Terça-feira, lá regressou a minha família num transfer do Kruger Park, junto com o respectivo condutor e 4 simpáticos turistas portugueses. Atravessámos a fronteira pelas 10h30m, mas nenhuma autoridade nos avisou de qualquer acontecimento anormal - como, por exemplo, os tumultos que desde as 7 da manhã estavam a virar Maputo do avesso.
E a verdade é que chegámos à portagem da Matola sem nada vermos de estranho senão uns polícias que, para os lados da Casa Branca, pareciam estar a chatear algum vendedor de pneus que não pagara "refresco".
Mas a portagem estava fechada. Sobre a cidade, viam-se várias colunas de fumo. Pensámos primeiro num incêndio, embora fosse estranho que estivesse a ocorrer ao mesmo tempo em zonas tão afastadas. Ficámos a saber o que se passava quando telefonei para a senhora que nos ficara com a cadela, a avisar que a iríamos buscar mais tarde do que o previsto.
- Ai, doutor! Nem pense em vir! Estão a fazer greve por causa do aumento dos "chapas" e não deixam os carros passar, na cidade toda. Aqui, já queimaram carros e no Alto Maé um rapaz levou um tiro e não se sabe se vai conseguir viver.
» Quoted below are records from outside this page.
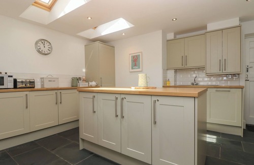 Panacia consists of an open-plan living space with kitchen with electric oven, ceramic hob, microwave, fridge, freezer, washing machine, tumble dryer, dishwasher, a dining space for six and a sitting area with Smart TV and woodburning stove. The bedrooms consist of a king-size (zip/link, can be twin on request), a king-size with en-suite shower room, and a second-floor twin with smart TV and en-suite cloakroom, serviced by a bathroom with bath, walk-in shower, basin, and WC. Outside there is a front patio with furniture. Parking in nearby public car park: Caffa Mill car park at Station Road. Within 1 mile or less you will find a shop, a pub and a beach. No pets and no smoking. WiFi, fuel, power, bed linen and towels included in the rent. Highchair and travel cot available. Escape to the coast of Cornwall with a stay at the beautiful Panacia. Note: Weekly parking permit is available. Note: Access required to adjacent property through patio. Note: External flight of steps.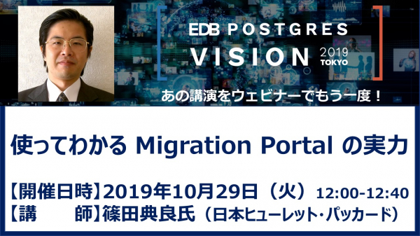 EDBは日本ヒューレット・パッカード株式会社 篠田典良氏を講師に「使ってわかる Migration Portal の実力」と題するウェビナーを2019年10月29日ランチタイムに開催いたします。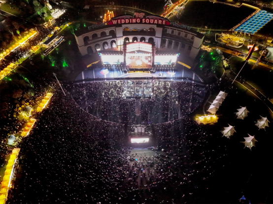 随着夜幕降临,海澜飞马休闲乐园因华丽音浪与璀璨星光而沸腾。超强阵容+豪华歌单,搭配顶级音响和绚丽的舞台灯光,为观众带来一场极致的视听盛宴。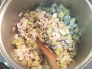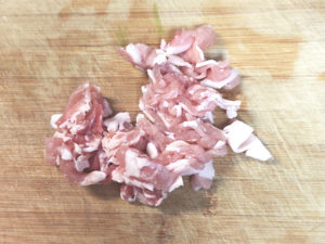 ![]() 4:豚こまは小さめに刻み、粗みじんに切っておきましょう。 |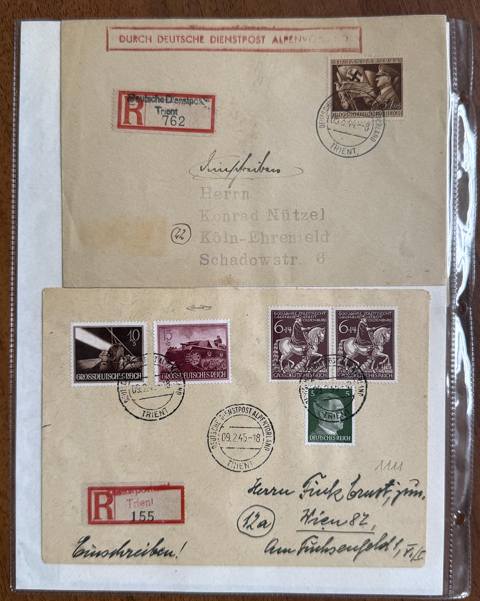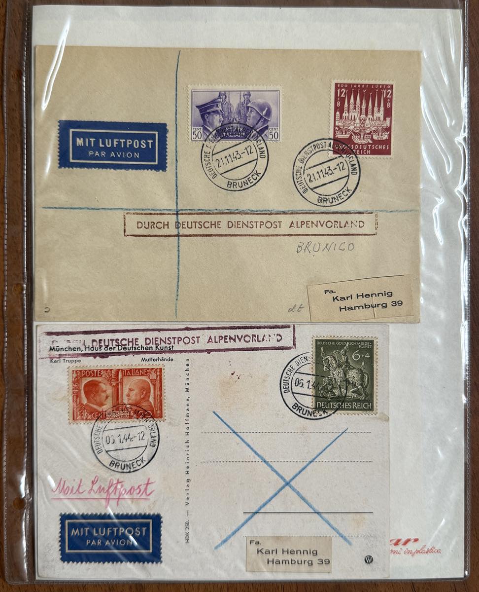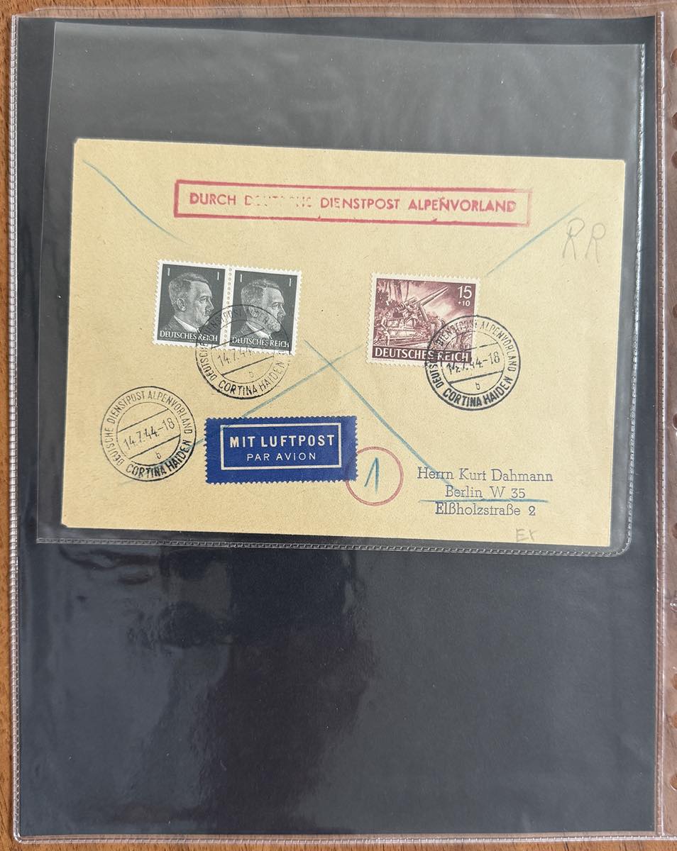 GERMANIA REICH ALPENVORLAND 1943/1944 - Bell'insieme di 42 lettere di Deutsche Dienspot Alpenvorland con varietà di affrancature e annullamenti, anche non comuni e di pregio. Merita esame.

Com o "garrafão" da portagem cada vez mais cheio, lá convencemos o condutor a recuar para a estação de serviço mais próxima. Volta para trás, regressa para a frente, e a zona continuava a parecer calma. Também o posto de gasolina parecia calmo, pelo menos até os 3 seguranças privados que lá estavam evacuarem precipitadamente o dinheiro da caixa...
Por sugestão da Marta, tinha entretanto tentado telefonar, sem sucesso, para uns amigos que moram ali perto, num condomínio mais ou menos seguro. Quando finalmente consegui resposta e declaração de boas vindas, o pessoal concordou em procurar lá abrigo.
Foi uma decisão acertada. Uma hora depois, essa mesma estação de serviço teve que ser ocupada pela tropa. E um amigo que preferiu ir em frente, através daquilo que na altura era uma estrada coalhada de carros imobilizados, chegou a casa com dois pneus rebentados à pedrada(!), embora tivesse passado as barricadas numa coluna rodeada de carros da polícia que disparavam gás lacrimogéneo, espingardas e kalashs indiscriminadamente para as bermas.
Nós regressámos, afinal, por onde já tinhamos passado duas vezes na última meia-hora, sem nada ver de ameaçador. Desta vez, um grupo de mulheres começou a gesticular na outra faixa e, antes de percebermos se aquilo era amigável, gozão ou hostil, vimos um pneu a arder no meio da nossa faixa e entrou-nos um pedregulho por um vidro dentro.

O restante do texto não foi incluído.